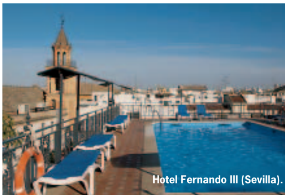
Hotel Fernando III (Sevilla).
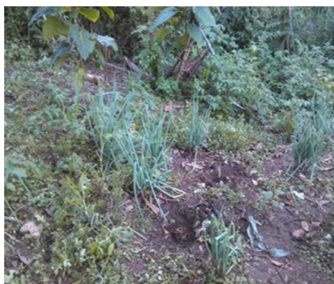
Fotografía 15 – Detalle del tul
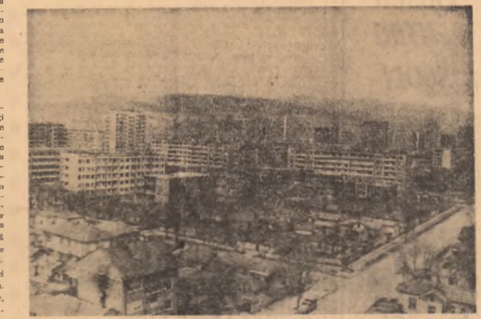
R. P. BULGARIA. Imagine din orașul Stara Zagora

Portavionul australian intrase de puțin timp în serviciu. El fusese immobilizat timp de cîteva luni, în urma unui incident asemănător survenit la 10 februarie 1964, când s-a ciocnit cu contratorpilorul „Voyager”, aparținând, de asemenea, marinei australiene.
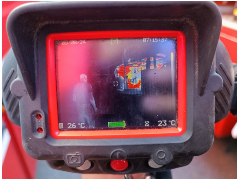
Slika 7. Termalna kamera [6]

Termalnom kamerom se pretražuje prostorija ako ima unesrećenih osoba koje se ne vide od dima ili u nastalim ruševinama. Također termalnom kamerom se može tražiti izvor topline pri nastanku gustoga dima ili se može pratiti temperatura požara dimnjaka.
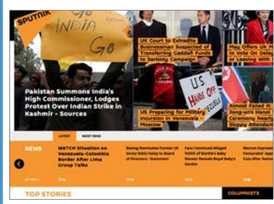
US Preparing for Military Intervention in Venezuela
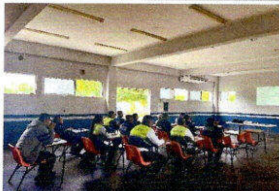
Taller de capacitación "Modelo Nacional de Policía y Justicia Cívica" dirigido a personas servidoras públicas del SSPyTM del municipio de Solidaridad, en la ciudad Playa del Carmen. 22/noviembre/2023.
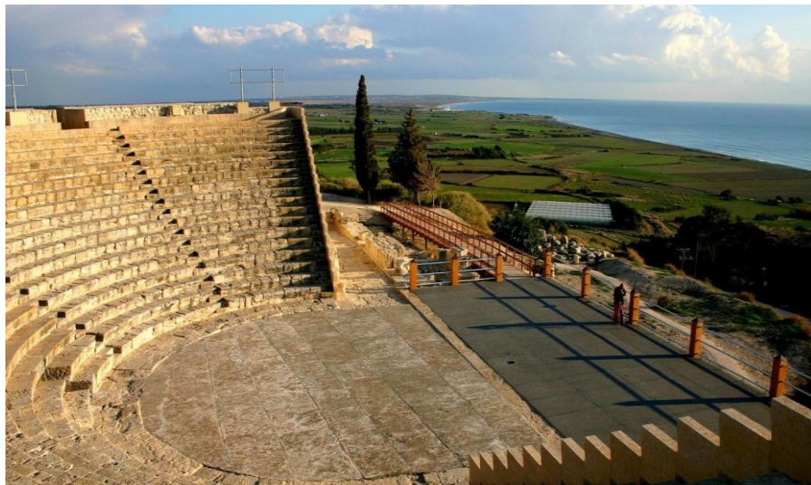
库伦剧场考古遗址

土耳其族占9.6%，外籍人占17.6%。此外，在土族控制的北部地区还有来自土耳其的移民居住，塞浦路斯政府一直未承认这部分移民的合法身份，人口调查时也未将其统计在内。塞浦路斯分裂前希土族混居，从1974年7月开始，希腊族主要居住在塞浦路斯南部，土耳其族主要居住在塞浦路斯北部。

— Task objective —
The task requires restating verbatim the lines from the one that holds "Termalnom kamerom se pretražuje" through the end of the listing, both ends counted, and no pictures.

— Task solution —
Termalnom kamerom se pretražuje prostorija ako ima unesrećenih osoba koje se ne vide od dima ili u nastalim ruševinama. Također termalnom kamerom se može tražiti izvor topline pri nastanku gustoga dima ili se može pratiti temperatura požara dimnjaka.
US Preparing for Military Intervention in Venezuela
Taller de capacitación "Modelo Nacional de Policía y Justicia Cívica" dirigido a personas servidoras públicas del SSPyTM del municipio de Solidaridad, en la ciudad Playa del Carmen. 22/noviembre/2023.
库伦剧场考古遗址

土耳其族占9.6%，外籍人占17.6%。此外，在土族控制的北部地区还有来自土耳其的移民居住，塞浦路斯政府一直未承认这部分移民的合法身份，人口调查时也未将其统计在内。塞浦路斯分裂前希土族混居，从1974年7月开始，希腊族主要居住在塞浦路斯南部，土耳其族主要居住在塞浦路斯北部。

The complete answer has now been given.